Destination Imagination teams from Lewis-Arriola Elementary win in Durango

An early learning team at Lewis-Arriola Elementary School participated in a Destination Imagination challenge, which prompted them to tell a story about a character who was experiencing a weather event for the first time. From left to right, the students are Deardra Neighbors, Lily Lewis, Logan Cressler and Leon Robertson. (Alison Robinson/Courtesy photo)
Two teams qualified for a regional competition in Denver next month

Four teams of students from Lewis-Arriola Elementary School headed to Durango on Saturday, March 1 to attend a regional creative challenge, and its two competitive teams won in their respective divisions.

The two other teams, though not technically competitive, had “fantastic performances,” said Alison Robinson, a fifth grade teacher at the school and liaison for such teams.

The challenge in Durango was part of something called Destination Imagination, which defines itself as a community that’s centered on student-led creativity.

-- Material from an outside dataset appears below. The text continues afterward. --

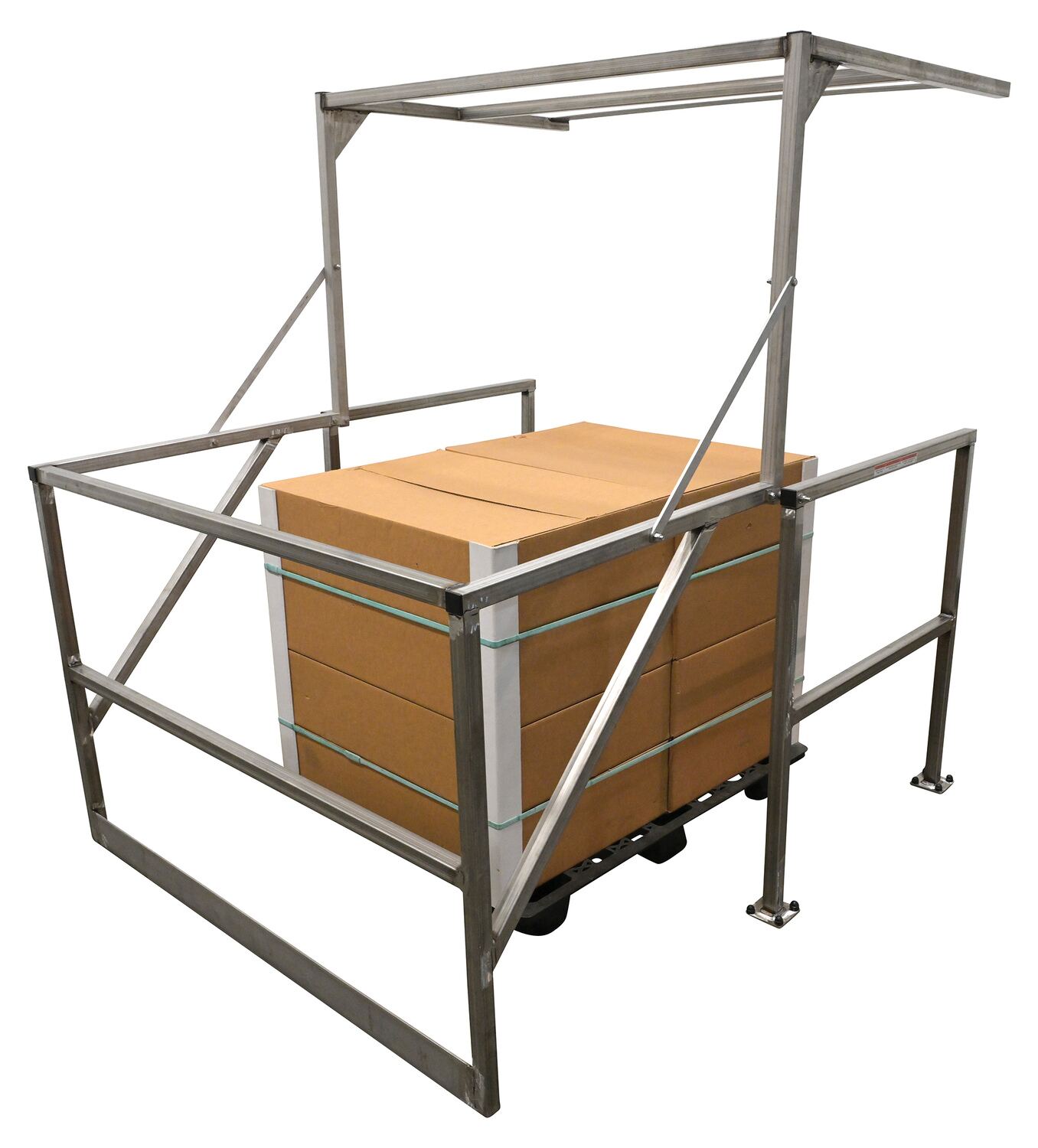 The mezzanine safety gate provides an OSHA required handrail, mid-rail and kick plate for mezzanine without sacrificing load accessibility. To accommodate the maximum load height, when utilizing a standard pallet, load positioning within the gate is critical. For greatest amount of clearance and item placement flexibility, shorter loads are recommended. The gate rotates and design is balanced to allow for easy operation without use of springs.

It offers this creative space, which it holds is “a system of learning that is at the root of innovation,” with a choice of challenges.

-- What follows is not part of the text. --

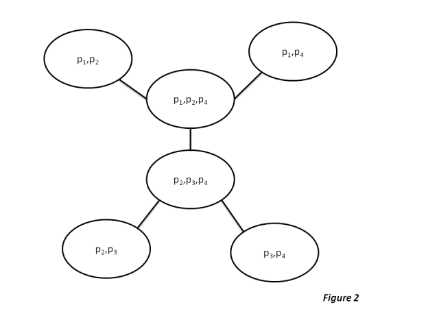 Then constructing the tree only with these local domains is not possible since this set of values has no common domains which can be placed between any two values of the above set. But however if add the two dummy domains as shown below then organizing the updated set into a junction tree would be possible and easy too.

The challenge can be technical, scientific, improvisational, engineering, fine arts or service learning-based, and they’re global: There’s pre-K, kindergarten through high school and university-level students competing across 36 U.S. states, seven Canadian provinces and 24 countries.

“It’s a really empowering process,” Robinson said. “It teaches them critical thinking, problem-solving and how to collaborate with a team.”

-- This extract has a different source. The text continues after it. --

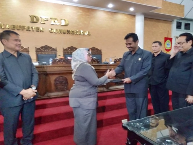 Usai pembacaan pemandangan umum frakasi dilanjutkan Penandatangan kesepakatan bersama Bupati, Ketua DPRD dan Wakil Ketua DPRD disaksikan Ketua Ketua Fraksi. (Joko)

It’s the second year the school has participated.

“There’s a need for creativity,” she said.

Plus, it’s a small school – with one class per grade level – so it’s “expanding their teamwork skills,” having first graders work with kindergartners, and vice versa, she said.

To prepare for regionals, the teams at Lewis met once a week for an hour and a half after school starting in December. They “were ready to go by March,” said Robinson.

The two competitive teams were made up of five to seven kids from kindergarten to fifth grade. One team chose the scientific challenge, which prompted students to “tell a story about a character who figures out they are not alone on a planet.”

The other team was improvisational, and challenged to “tell a story about a character traveling between two locations … who is trying to find something and a detour causes an unforeseen change in the plan.”

To tell the stories, they made costumes, developed characters and a plot.

“It’s neat to see kids come out of the woodwork,” Robinson said. “They have so many ideas and thoughts to share, and this is a creative space to do it.”

Since both teams won at regionals, they’re invited to compete at the state challenge in Denver next month, said Robinson.

One team is set to go, and they’re working on financing to send the other team. If they win in Denver, they could go to the global competition in May.

The two noncompetitive teams that participated were part of the Early Learning Challenge, which is reserved for preschool through second grade.

Their prompt was to “tell a story about a character who is learning about one kind of weather for the very first time.”

Robinson underscored the student-led approach to the whole challenge, and said that she and other parent counselors act as “guard rails,” and guard rails only.

“The creative process is important,” she said. “Destination Imagination does an amazing job of getting kids to take the reins, and the skills transfer into the classroom.”

At Lewis, there’s only an elementary program. All elementary-aged students are welcome to join, though they’re limited by how many parent volunteers they get. Robinson said that, as it stands, there’s a waiting list to get in.